More and more studies are proving telemedicine is effective in helping patients modify their lifestyle to manage health conditions.

Telephone counseling combined with home-based blood pressure monitoring can significantly improve a person's blood pressure control at minimal cost, according to a recent experiment by researchers at Duke University.

During the study, 636 people with hypertension were randomly assigned to either usual care from a primary care physician, bi-monthly calls from a nurse providing wellness tips, blood pressure monitoring at home or the phone counseling plus the at-home blood pressure monitoring.

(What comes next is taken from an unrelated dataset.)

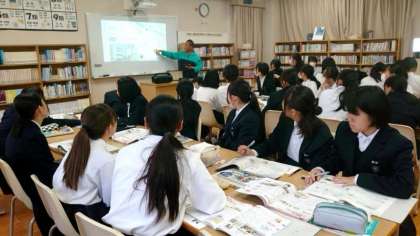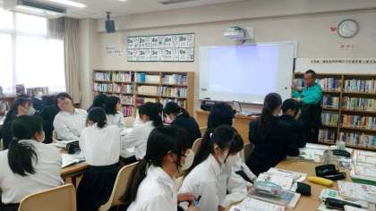 3年生女子の皆さんが保健の授業を受けています。今日は「健康を守るための社会の仕組み」について教わります。日本では法に基づいて、保健所と保健福祉センターが設置され、私たちの健康を守るお仕事を担っています。保健福祉センターは区役所の中にありますよ。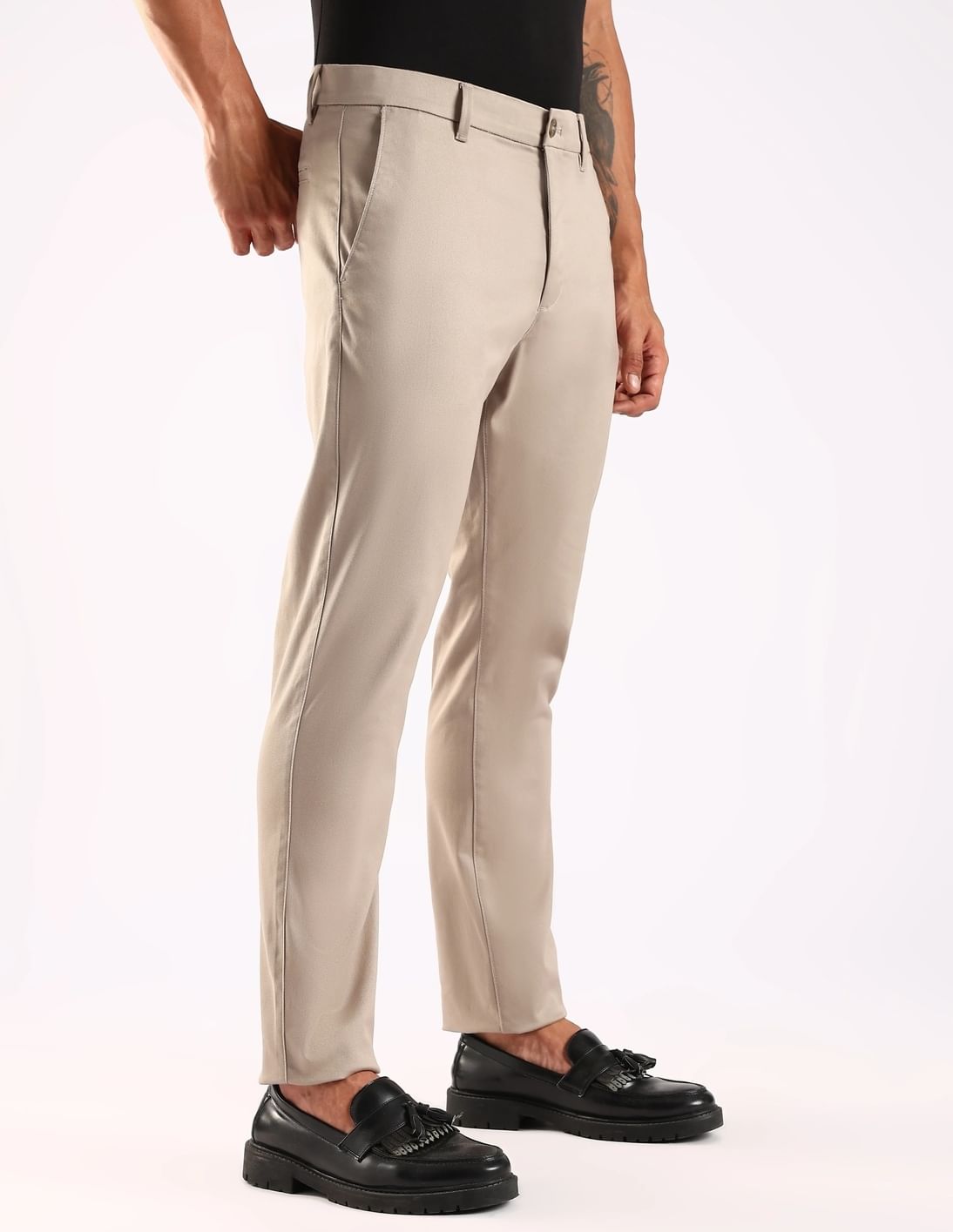 Slim Fit Solid Mid Rise Trouser

People trained to monitor their blood pressure at home while getting regular phone calls lowered their blood pressure by 11 percent compared to a 7.6 percent decrease in blood pressure for the home monitoring group and 4.3 percent for people only getting calls.

Hayden Bosworth, PhD, lead author of the study wrote:

The phone calls with the nurse provided a forum to discuss these topics and address other questions that may not have been discussed during a regular office visit. If people are informed about the side effects associated with a given medication and know what to expect, they are more likely to continue taking their medications.

Similarly, text message were found to be an effective way of reminding young liver transplant patients to take their immunosuppressive medications, according to results of a small study recently reported online in Pediatrics.

Ongoing research by Abby King, PhD, at the Stanford Prevention Research Center has shown that computer calls can persuade even skeptical couch potatoes to go for regular walks and that specially-programmed smartphones can prod middle-aged and older Americans into increasing their physical activity levels.